Bitcoin price is down, but here’s 3 reasons why $1B liquidations are less frequent
Bitcoin has been on a tear lately, rallying by more than 40 percent in the last month. The cryptocurrency has enjoyed massive gains as a result of increased investor interest, which has driven prices to record highs. However, those who chose to trade in bitcoin are feeling the effects of this rally too. The cryptocurrency market is also seeing a new wave of cryptocurrency-related funds. While bitcoin is still the market leader, the emergence of new coins and the institutionalization of bitcoin are likely to change the cryptocurrency landscape.
As Bitcoin continues to hit new lows, the crypto community is in a panic. Ever since the last market correction three months ago, Bitcoin is down about 50% from its all-time high of US$20,000. Bitcoin has been experiencing periods of volatility for the better part of a year now, and the community is still coming to terms with the fact that the cryptocurrency market is prone to downturns and corrections. Although the market has been volatile for the past few months, it is important to note that there are good reasons for the Bitcoin price to fluctuate; these are not “panic attacks” or “flash crashes.”

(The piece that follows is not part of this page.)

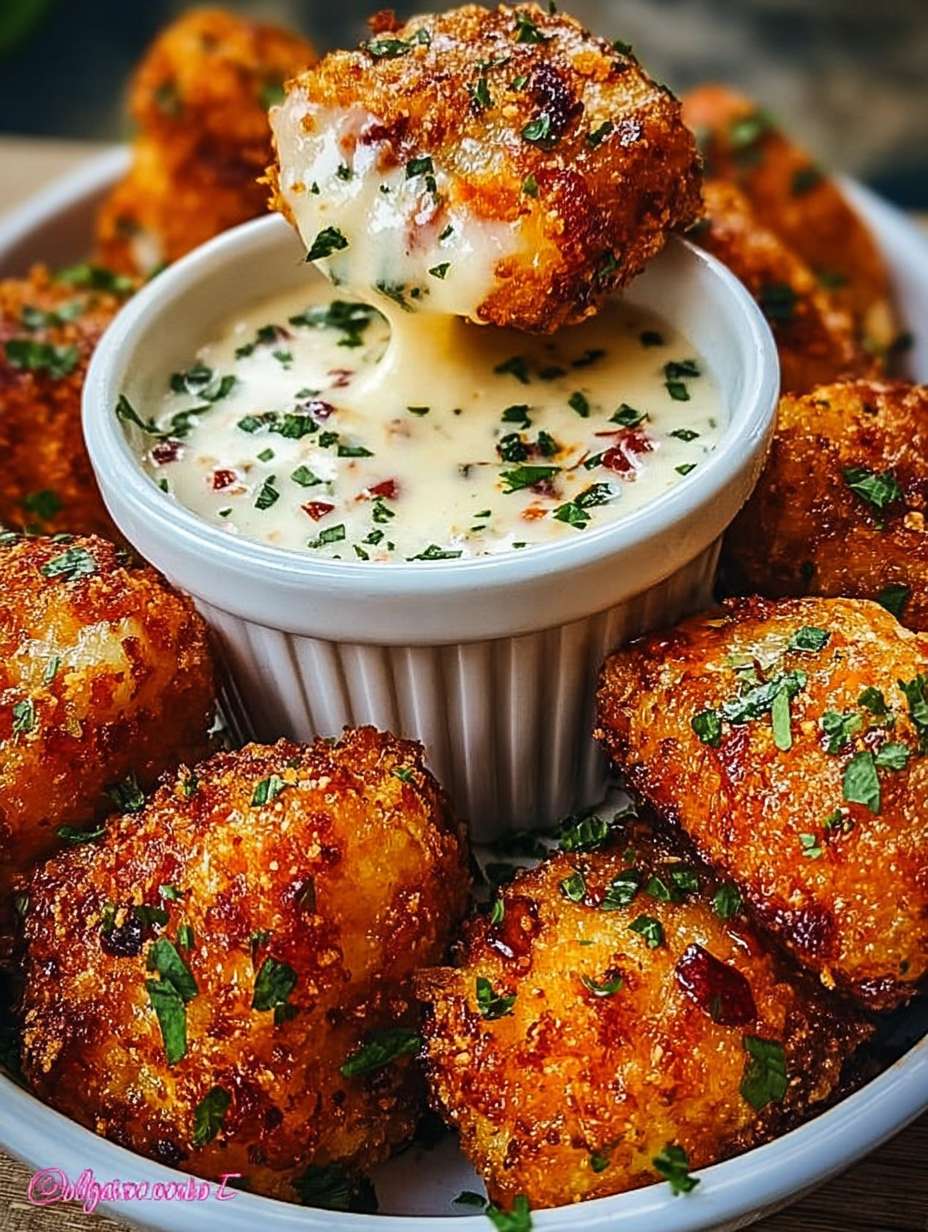 Käse-Jalapeño-Ranch-Hähnchen-Poppers mit cremigem Dip
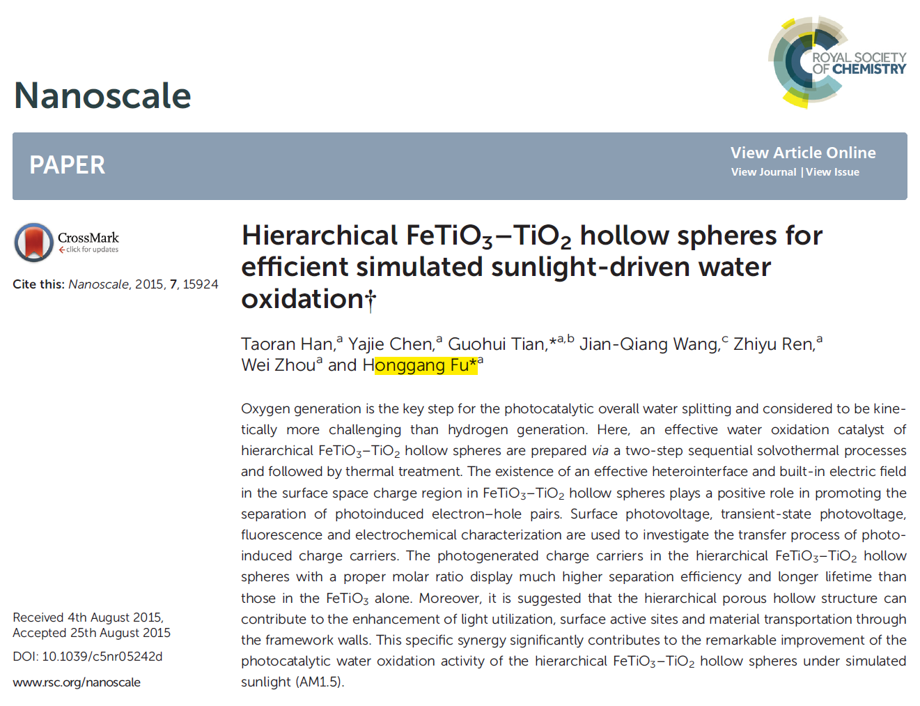 當前位置 : 首頁 > 資(zī)訊動態 > 論文發表 > Hierarchical FeTiO3–TiO2 hollow spheres for efficient simulated sunlight-driven water oxidation†

Bitcoin (BTC) might be struggling to break the $36,000 resistance for the past three weeks, but bulls now have one less thing to worry about: cascading futures contracts liquidations.
One might be under the impression that a $1 billion liquidation is usual for Bitcoin. Still, traders tend to remember the most recent exaggerated movements more than any other price shifts, especially when the price crashes and people lose money.
This negativity bias means that even when various price impacts with equal intensity occur, the unpleasant emotions and events have a more significant effect on a trader’s psychological state.
For example, multiple studies show that winning $500 from playing the lottery is two to three times less ‘impactful’ than losing the same amount from the gambler’s personal wallet.
Bitcoin futures (quarterly and perpetual) aggregate open interest. Source: Bybt
The above chart shows how the futures open interest surpassed $20 billion by mid-March. During that period, a $1 billion liquidation represented a mere 5% of the outstanding total.
Considering the current $11.8 billion open interest, the same $1 billion amount would represent 8.5% of the aggregate number of contracts.
In a nutshell, it is becoming much more difficult for cascading liquidations to take place because buyers are not using excessive leverage, and sellers appear to be fully hedged. Unless these indicators shift significantly, bulls can remain in peace.
The views and opinions expressed here are solely those of the author and do not necessarily reflect the views of Cointelegraph. Every investment and trading move involves risk. You should conduct your own research when making a decision.